The second key element that influenced my role in the field and is worth elaborating on is my position as a female researcher studying a predominantly male community in a relatively sex segregated cultural context. This has at times meant easier access to some research participants, but it has also required me to be vigilant about maintaining the limits of relationships with the mostly male research participants. The period at the beginning of my research was mired by too many unwanted sexual advances and continuous scrutiny of the
‘appropriateness’ of my behaviour to the perceived gender roles I was supposed to play.
Looking at day-to-day conflicts within the football community that I have witnessed or been told about, I know that often these were small inter-personal power struggles that were deliberately exaggerated or staged as performances of ‘masculinity’ for my benefit.

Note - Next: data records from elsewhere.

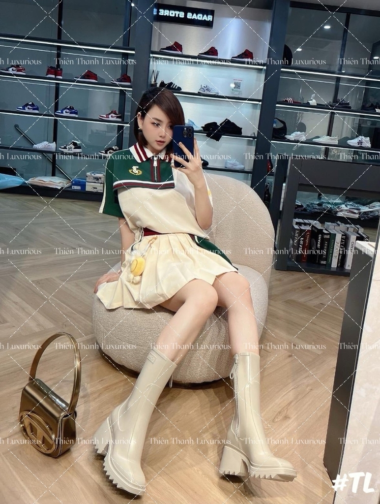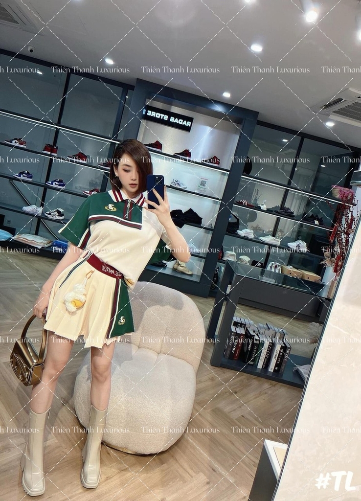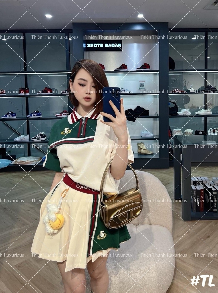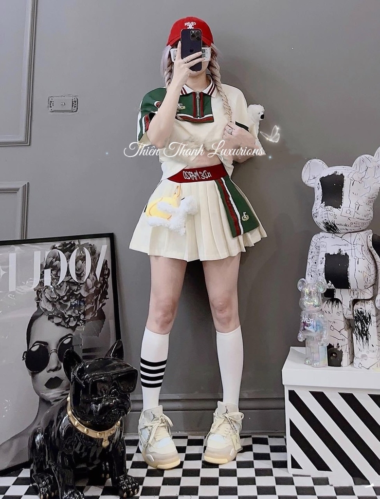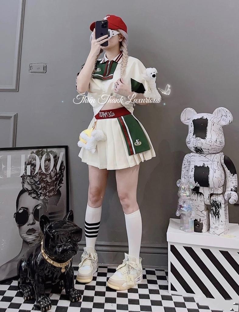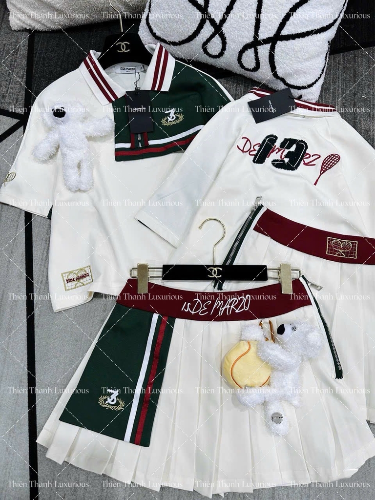 Set Áo Polo Phối Chân Váy Xếp Ly Đính Gấu Bông
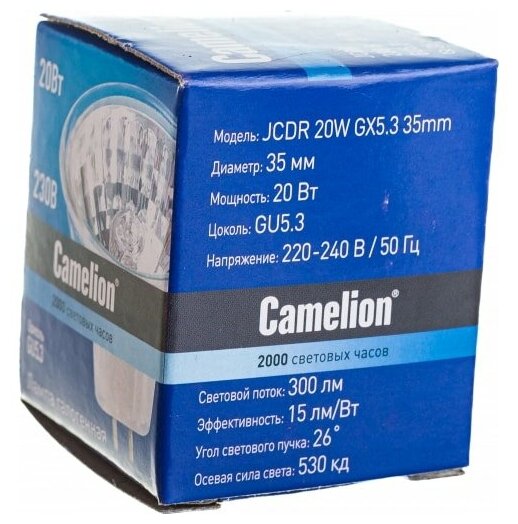 Отзывы на Лампа галогенная 20Вт 220В GX5.3 35mm - JCDR 20W GX5.3 35mm (Camelion)(код 07761 И)
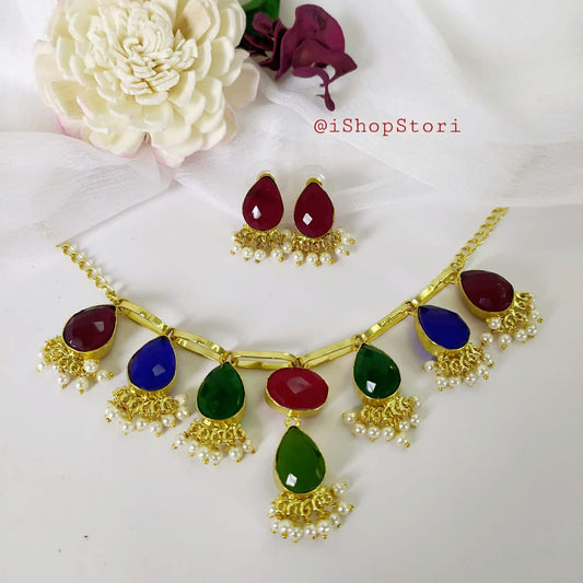 Aalekha Raw Stone Multi Color Claw Necklace Set
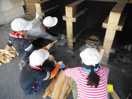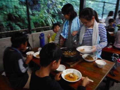 いよいよ野外炊事です。係で分担して野菜を切ったり,火をおこしたりと「すきやき風煮作り」スタートです。「たまねぎが目にしみて痛い。」「火がなかなか熾らない。」と苦労しましたが,最後はどの班もおいしい「すきやき風煮」ができあがりました。とてもおいしかったです。
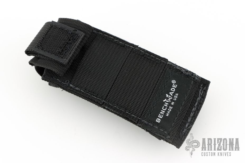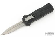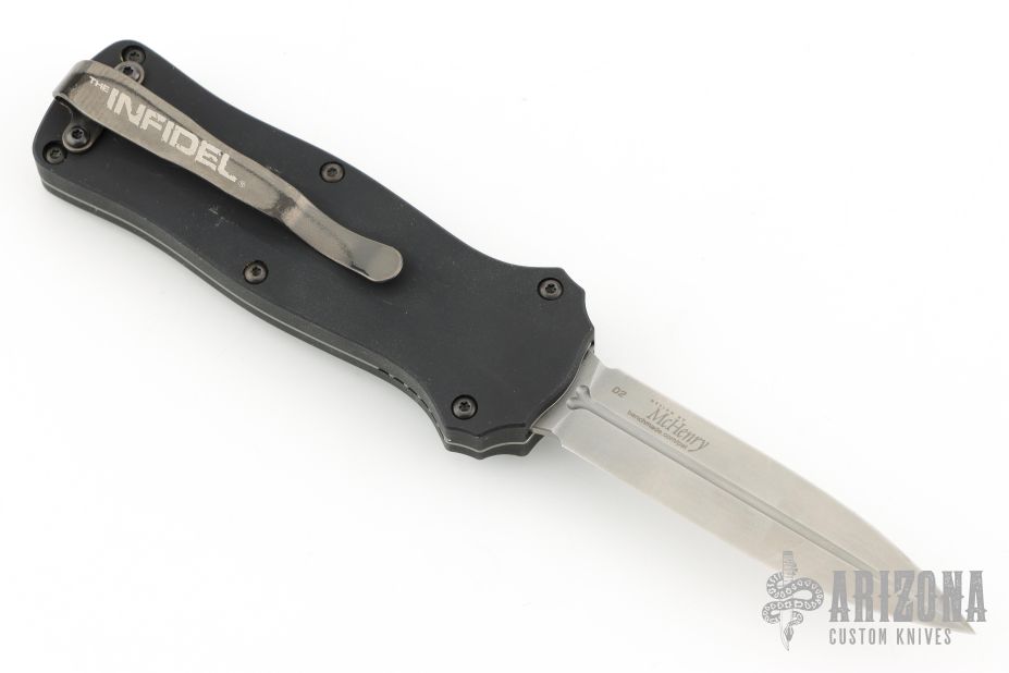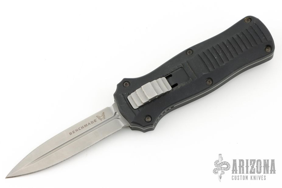 This 3350 Mini-Infidel by Benchmade features a stonesahed double edge dagger style D2 blade with fullers. The handle has a black anodized aluminum frame, ramped steel thumb slide and steel tip down clip. Comes with original box, sheath and papers. Has a stain on the clip, otherwise excellent condition.
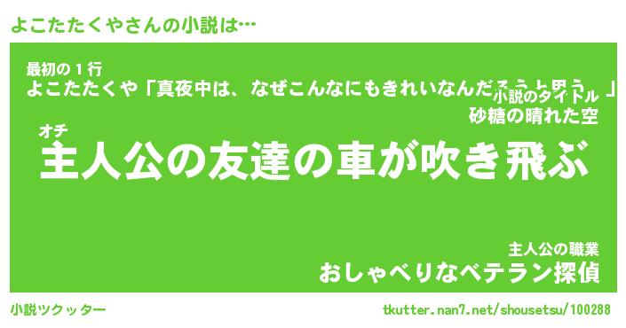 | ツイッター | よこたたくやさんのツイッターID『dendenmushi_man』 |
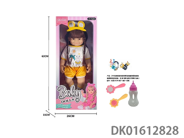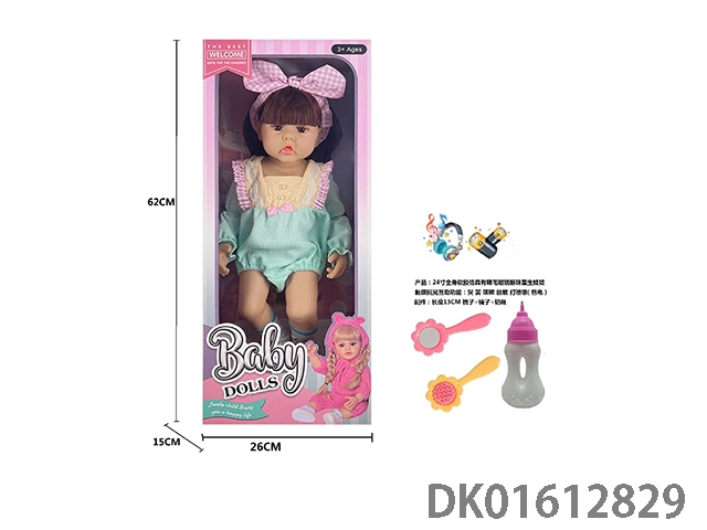 24寸全身软胶仿真有睫毛玻璃眼珠重生娃娃带梳子镜子奶瓶(触摸摇晃互动功能:哭 笑 咳嗽 放屁 打喷嚏)

My limited knowledge of football was another element which situated me as an outsider in the Nejmeh community. Until I started this research I had not been to a single football match and did not know much about the rules, technique, or history. I did not know the names of star players nor those of the Lebanese Football Association members, but most important of all, I did not know what football fandom really meant and how is it that an individual comes to love a club so deeply.
30 Karim Diab was politically aligned with Sunni leader Saad Hariri and is the son of the coordinator of the Future Movement at the time Salim Diab.
A fourth element to take into consideration was the familiarity of research participants with anthropological research and their past experiences with inquiring visitors. Within a community that was little researched, my interest in the club and my research participants’
experiences and perspectives were a source of pride for many. Most fans were eager to speak to me about the club they cherished despite not fully comprehending what it was I was attempting to do. My role approximated to that of others they knew, like reporters and filmmakers. I was often introduced by them as a journalist, who as one fan expressed it ‘has been trying for two years to do a reportage about Nejmeh’. My presence reinforced for them the value of the club; it was worthy of research and documentation.
The above are but a few of many examples of the web of relations that I was entangled in, and they show some of the factors which influenced both my access to the field and perceptions of my role within it. These examples support Crossa’s affirmation of the importance of the ‘relational aspect of a researcher’s position’, or ‘how researchers’
identities are shaped by multiple mobile and flexible relations and how that makes a difference to the research process.’ (2012: 115). I was perceived by some as insider, a Beiruti, Lebanese, Arab, who was assumed to share similar world views and beliefs, while for others I was also an outsider to the world of football, a Palestinian, an academic, a woman, and a member of a higher social class. There was no one role that was assigned to me unanimously by all research participants nor one that lasted for the duration of my fieldwork. The implications of my many supposed roles and perceptions varied from one research participant to another as I worked across various social classes as well as different political and sectarian affiliations. Bearing in mind anthropology’s reflexive tradition, I was constantly engaged in negotiation and reflection both on these roles themselves and on the influence they exerted over the ways I perceived the context within which I was doing research.